-- Opening Marker --

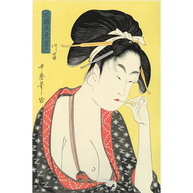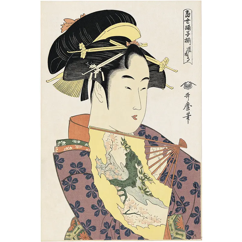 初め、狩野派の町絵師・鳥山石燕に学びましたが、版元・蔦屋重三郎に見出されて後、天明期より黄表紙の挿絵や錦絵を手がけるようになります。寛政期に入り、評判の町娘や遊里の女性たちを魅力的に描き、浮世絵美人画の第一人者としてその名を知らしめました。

-- Closing Marker --
-- Opening Marker --

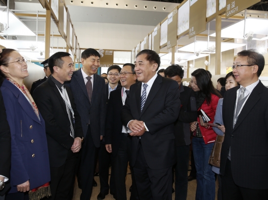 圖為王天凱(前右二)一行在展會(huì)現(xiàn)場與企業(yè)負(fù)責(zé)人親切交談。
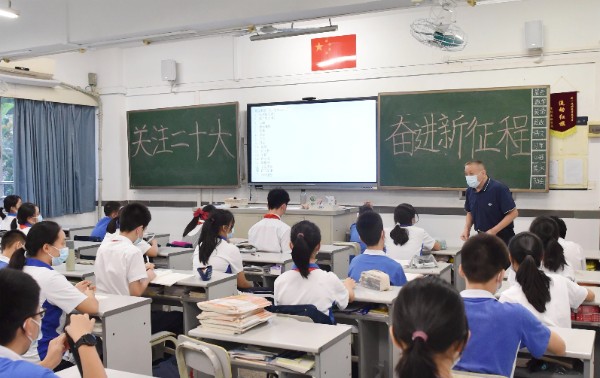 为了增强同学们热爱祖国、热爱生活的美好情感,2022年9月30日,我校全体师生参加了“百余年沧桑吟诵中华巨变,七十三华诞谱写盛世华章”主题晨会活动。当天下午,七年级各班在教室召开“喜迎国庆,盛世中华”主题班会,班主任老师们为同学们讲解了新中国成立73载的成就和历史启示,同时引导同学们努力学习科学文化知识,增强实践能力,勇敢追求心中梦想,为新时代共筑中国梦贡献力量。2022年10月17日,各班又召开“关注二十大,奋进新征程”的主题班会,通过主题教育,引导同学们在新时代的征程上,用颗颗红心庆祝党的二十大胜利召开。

-- Closing Marker --

• **EXERCISE INSTRUCTIONS**:
In the listing above, the required lines run from the line with "圖為王天凱(前右二)一行在展" through the line with "为了增强同学们热爱祖国、热爱". Output exactly those lines, omitting pictures.

• **FINAL ANSWER**:
 圖為王天凱(前右二)一行在展會(huì)現(xiàn)場與企業(yè)負(fù)責(zé)人親切交談。
 为了增强同学们热爱祖国、热爱生活的美好情感,2022年9月30日,我校全体师生参加了“百余年沧桑吟诵中华巨变,七十三华诞谱写盛世华章”主题晨会活动。当天下午,七年级各班在教室召开“喜迎国庆,盛世中华”主题班会,班主任老师们为同学们讲解了新中国成立73载的成就和历史启示,同时引导同学们努力学习科学文化知识,增强实践能力,勇敢追求心中梦想,为新时代共筑中国梦贡献力量。2022年10月17日,各班又召开“关注二十大,奋进新征程”的主题班会,通过主题教育,引导同学们在新时代的征程上,用颗颗红心庆祝党的二十大胜利召开。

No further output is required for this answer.